Coinbase To Delist Tether And Other Stablecoins By End Of 2024

Coinbase is set to delist stablecoins that don’t comply with the European Union’s Markets in Crypto-Assets Regulation (MiCA) by the end of 2024.

The move comes as the EU tightens control over the cryptocurrency sector, and firms like Coinbase adjust their offerings to meet the new standards.

On October 4, Coinbase confirmed that its European Economic Area (EEA) users will no longer have access to stablecoins that don’t meet the regulation’s requirements. However, they will have the option to convert their holdings to compliant stablecoins.

While Circle, the issuer of USD Coin (USDC) and Euro Coin (EURC), secured an Electronic Money Institution license in July 2024, becoming the second-largest stablecoin issuer in the region, Tether—the largest stablecoin issuer—has not yet obtained the necessary license.

“Given our commitment to compliance, we intend to restrict the provision of services to EEA [European Economic Area] users in connection with stablecoins that do not meet the MiCA requirements by December 30, 2024,” Coinbase said in a statement.

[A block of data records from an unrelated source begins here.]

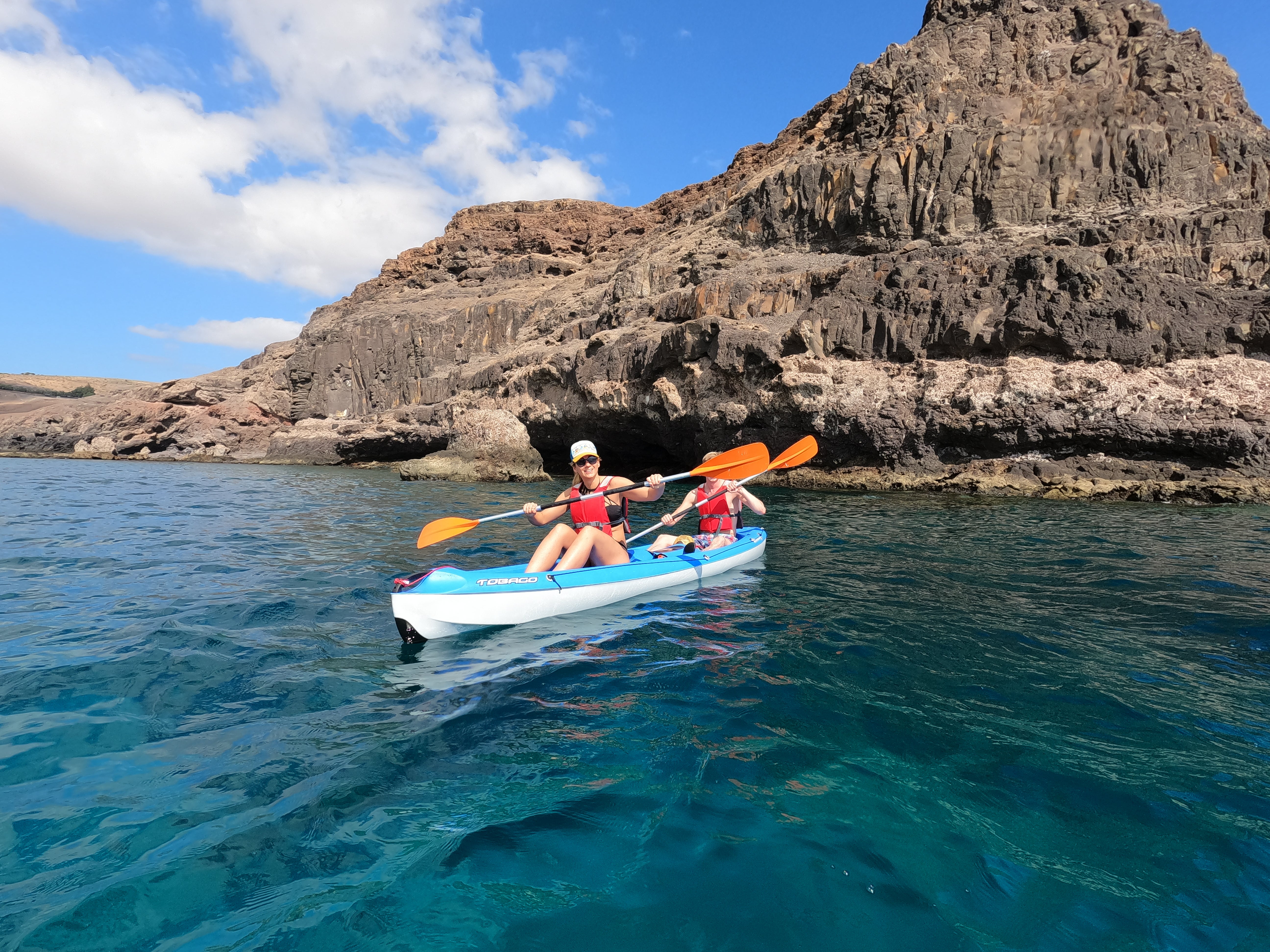 Nos veremos a la hora acordada en el punto de encuentro en la playa de La Lajita. Tras las breves presentaciones, recibiremos un pequeño briefing inicial para aprender a manejar el remo y coordinarnos en el kayak. No te preocupes si es tu primera vez; estos kayaks son muy estables y en pocos minutos estaremos navegando como si nada, sintiendo el primer contacto del agua fresca.
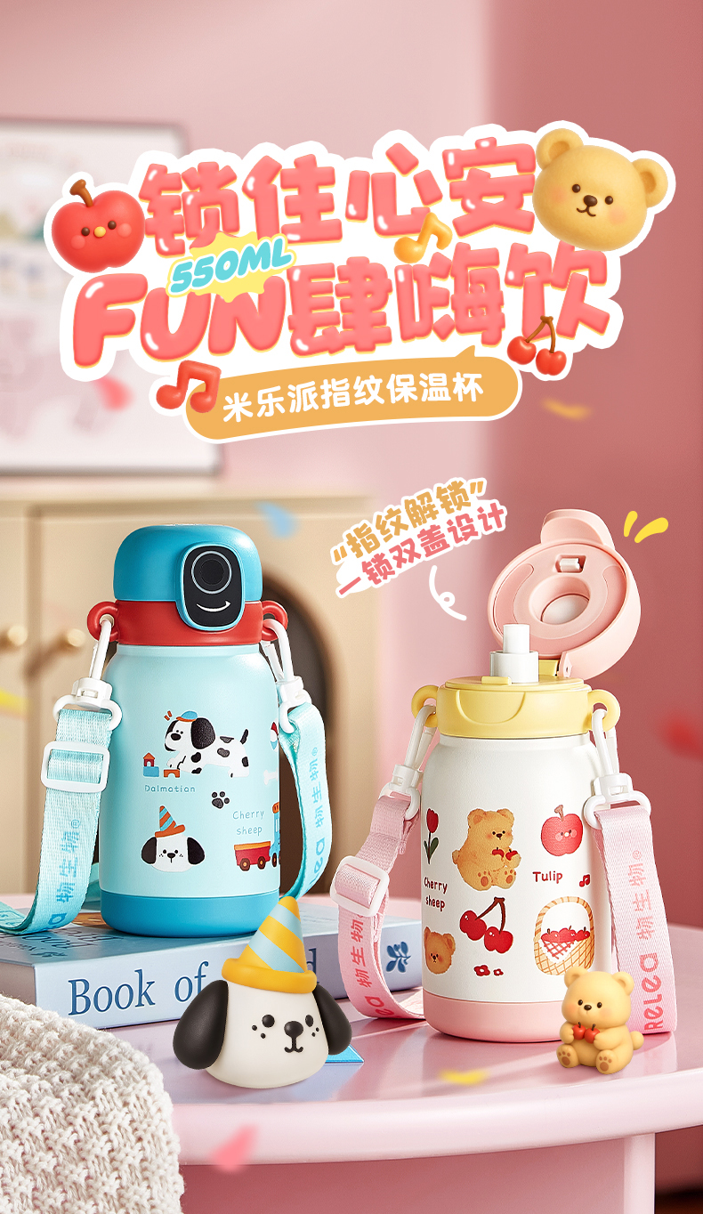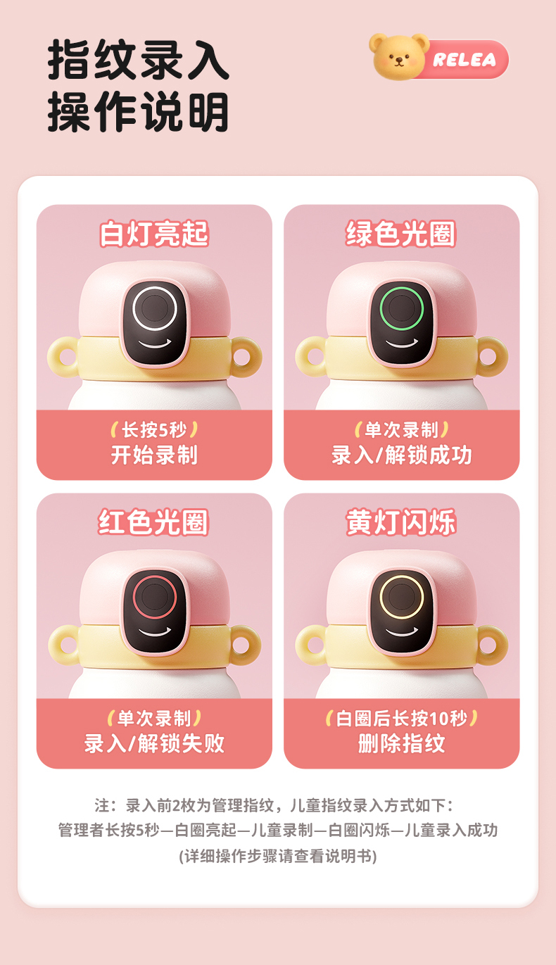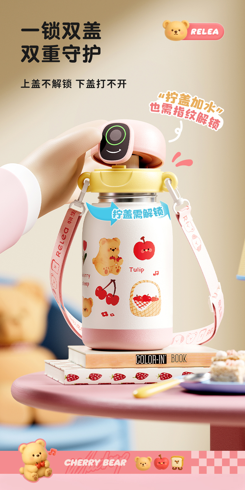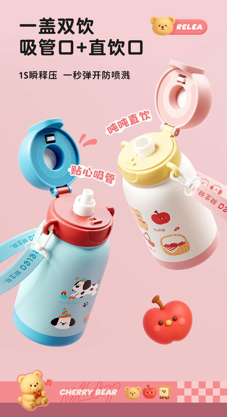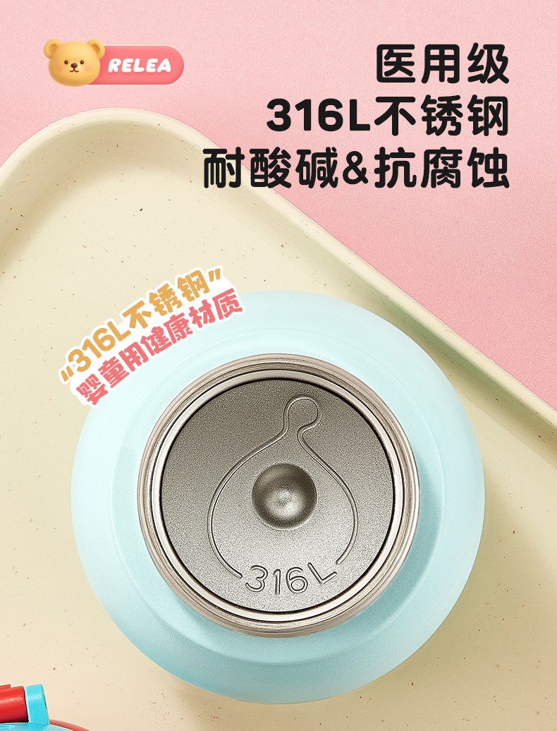 物生物(RELEA) 米乐派指纹儿童保温杯 JV012525-0550-FQ00 550ML 熊仔下午茶(粉)(单位:个)
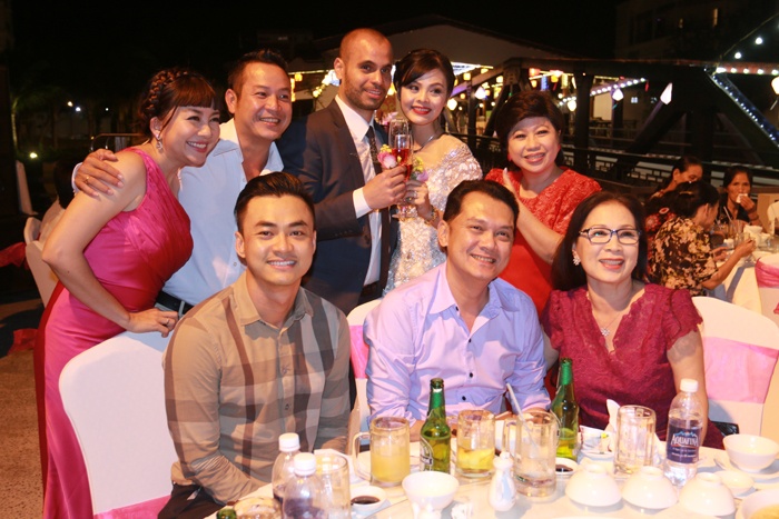 Tiệc cưới xa TP HCM nên diễn viên không mời nhiều bạn bè. Tuy nhiên, đoàn nghệ sĩ - diễn viên của sân khấu Idecaf đã có mặt gần như đông đủ để chúc phúc hai vợ chồng. Đối với Xuân Thùy, đây là món quà tinh thần lớn mà mọi người dành tặng cho cô trong ngày trọng đại.
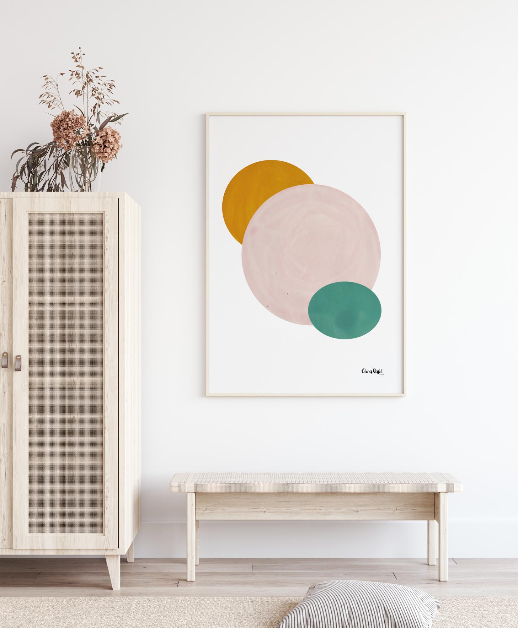 Krásně nekomplikovaný abstraktní plakát s pastelově zbarvenými grafickými tvary, vytvořený designérkou Elinou Dahl. Elegantní obraz, který se skvěle hodí například do minimalistického, moderního nebo retro inspirujícího interiéru. Tento plakát vypadá fantasticky spolu s dalšími plakáty Eliny Dahl ve stejném stylu.
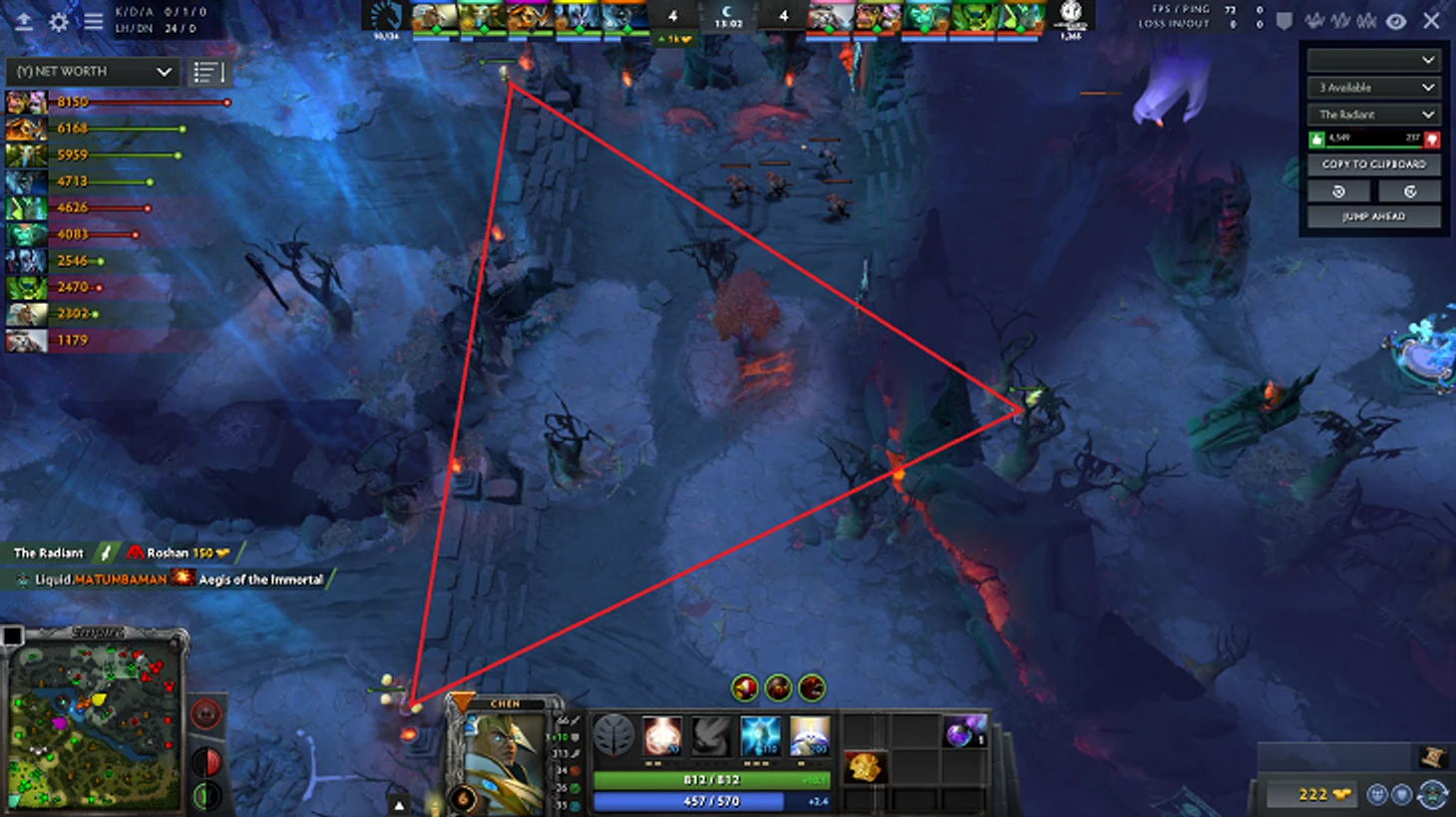 И снова TNC в списке, в частности – kuku. Нижний фонтан Radiant очень сложно завардить так, чтобы не подставиться под шальной Sentry. Считаю, что данная точка – одна из самых трудных для обнаружения.
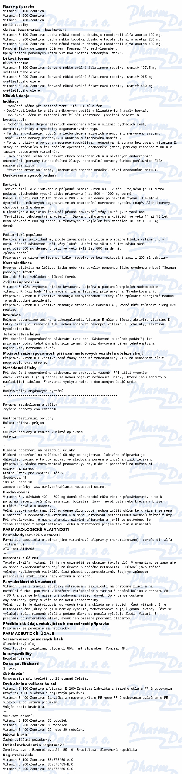 Vitamín E má významnou úlohu v organismu. Zabraňuje vzniku toxických oxidačních produktů a vzniku volných kyslíkových radikálů, které působí škodlivě na organizmus. Čtěte pozorně příbalový leták.
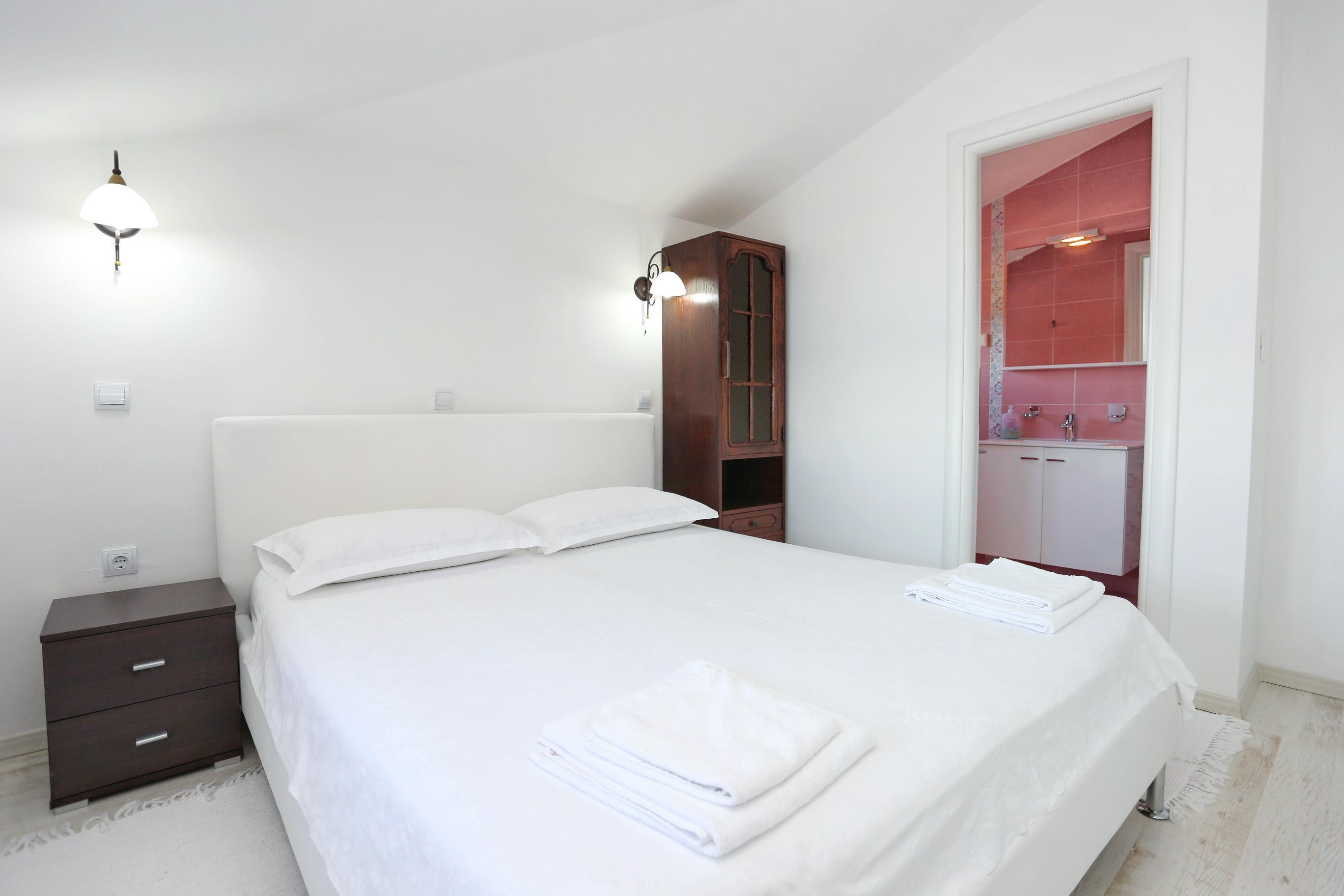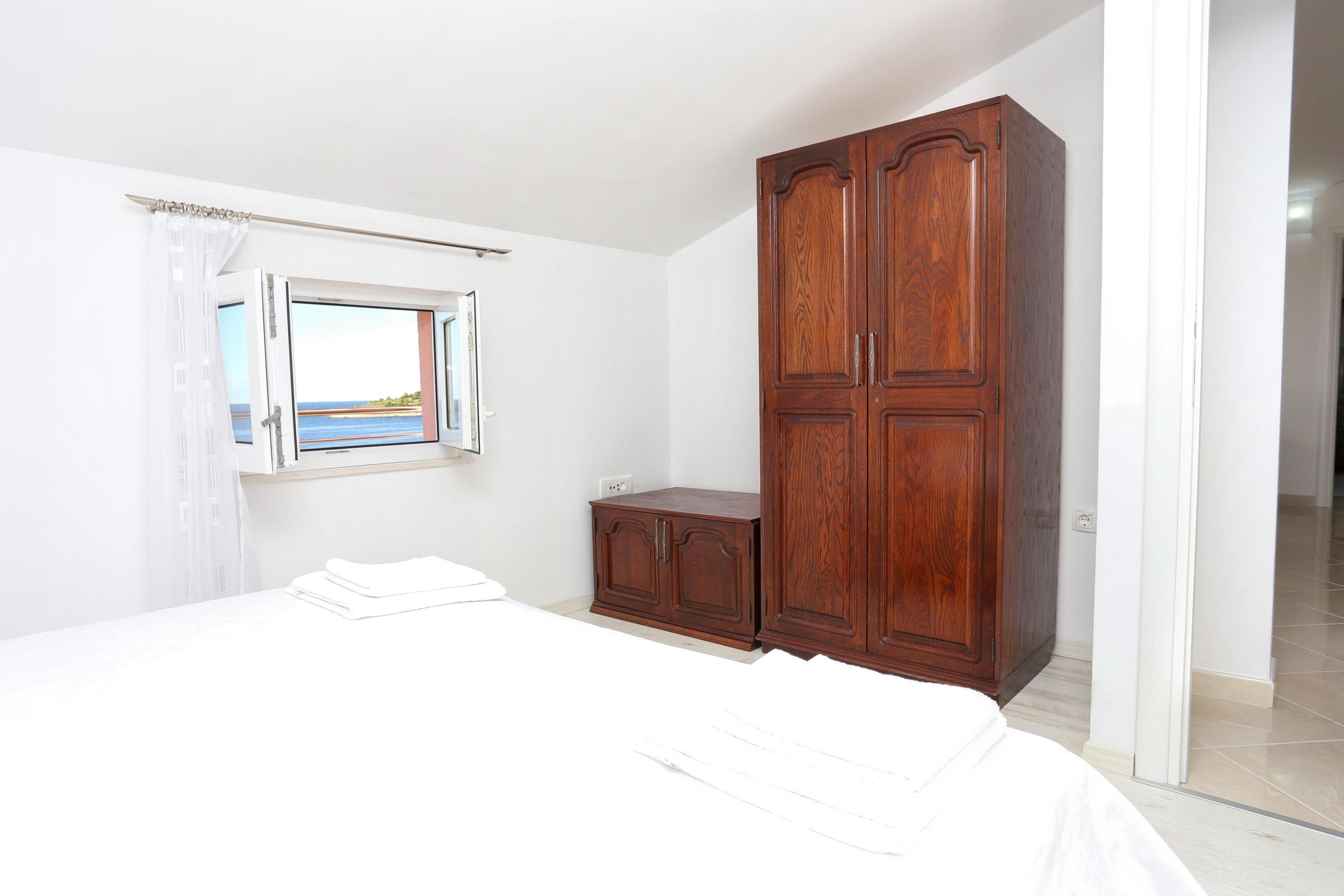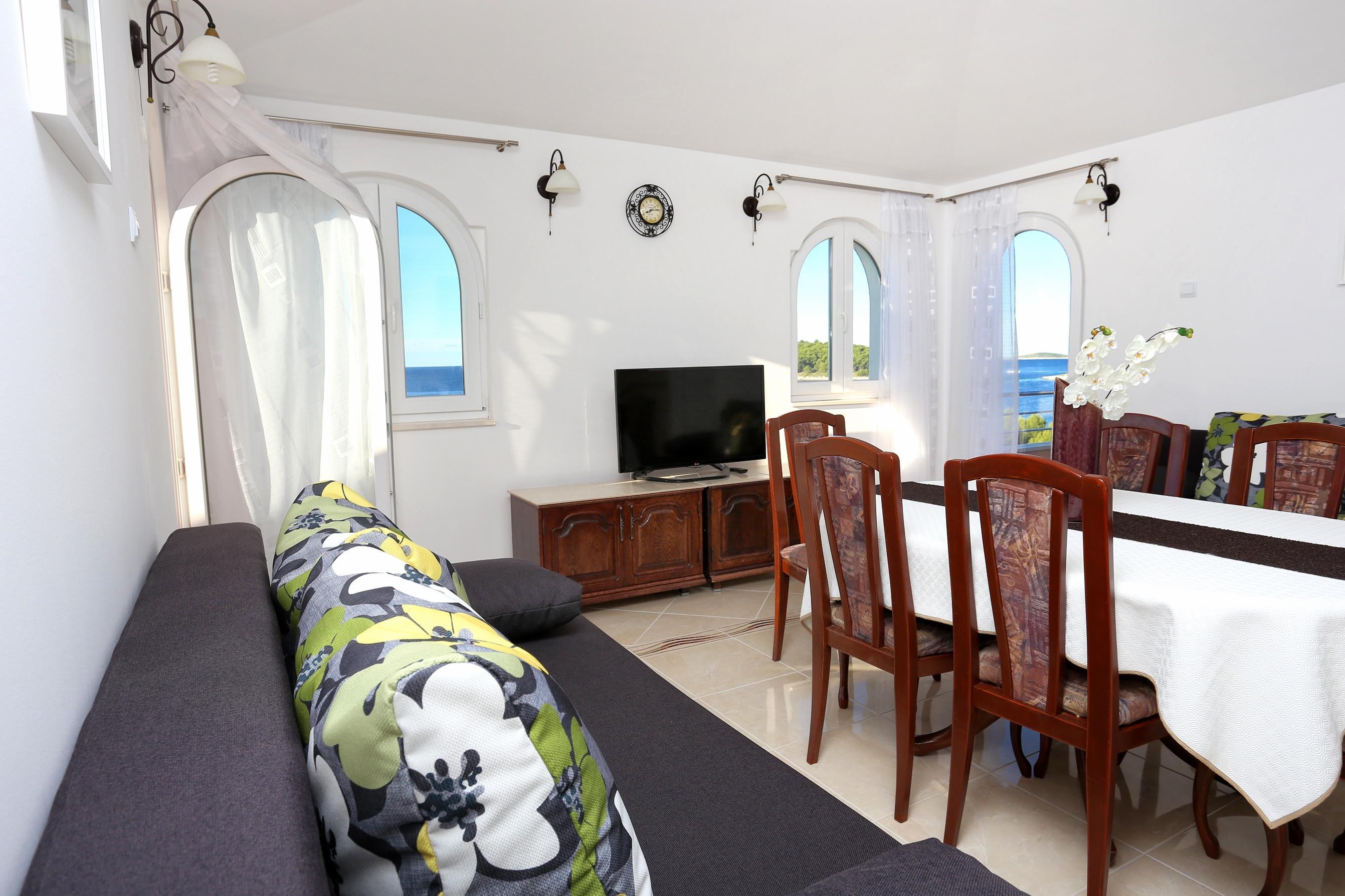 Apartment can accommodate 6 guests. Beds are situated in 2 sleeping rooms, but also in the living room, within 57m2. Guests can use a private balcony to enjoy the warm summer evenings. The apartment offers the sea view. Food can be prepared using barbecue which is shared with other guests too.

MiCA, which took effect in June 2024 for stablecoin issuers, mandates that all stablecoins in the EEA hold an e-money license from an EU member state. This could affect major tokens like Tether’s USDT, which may be forced off Coinbase if it doesn’t obtain the necessary authorization.

As the deadline for MiCA compliance approaches, other exchanges such as OKX, Bitstamp, and Uphold have also taken steps to limit noncompliant stablecoins.

Meanwhile, Binance plans to impose restrictions on the availability of stablecoins in the European Union (EU) that are deemed “unregulated” under the EU’s new Markets in Crypto-Assets Regulation (MiCA). The exchange said could ultimately delist stablecoins from its European platforms.

Marina Parthuisot, who serves as the head of legal at Binance France, cited the lack of approved stablecoin projects in the region ahead of the upcoming European Union’s Markets in Crypto Assets (MiCA) regulation. There is no grace period specified for coins already on the market under this regulation, potentially leading to massive delistings.

MiCA was finalized back in June, and it’s set to make the EU the first major jurisdiction with comprehensive cryptocurrency regulations. It will allow exchanges and wallet providers to operate throughout the EU with just one license. However, the implications of this regulation for stablecoins and decentralized projects remain uncertain.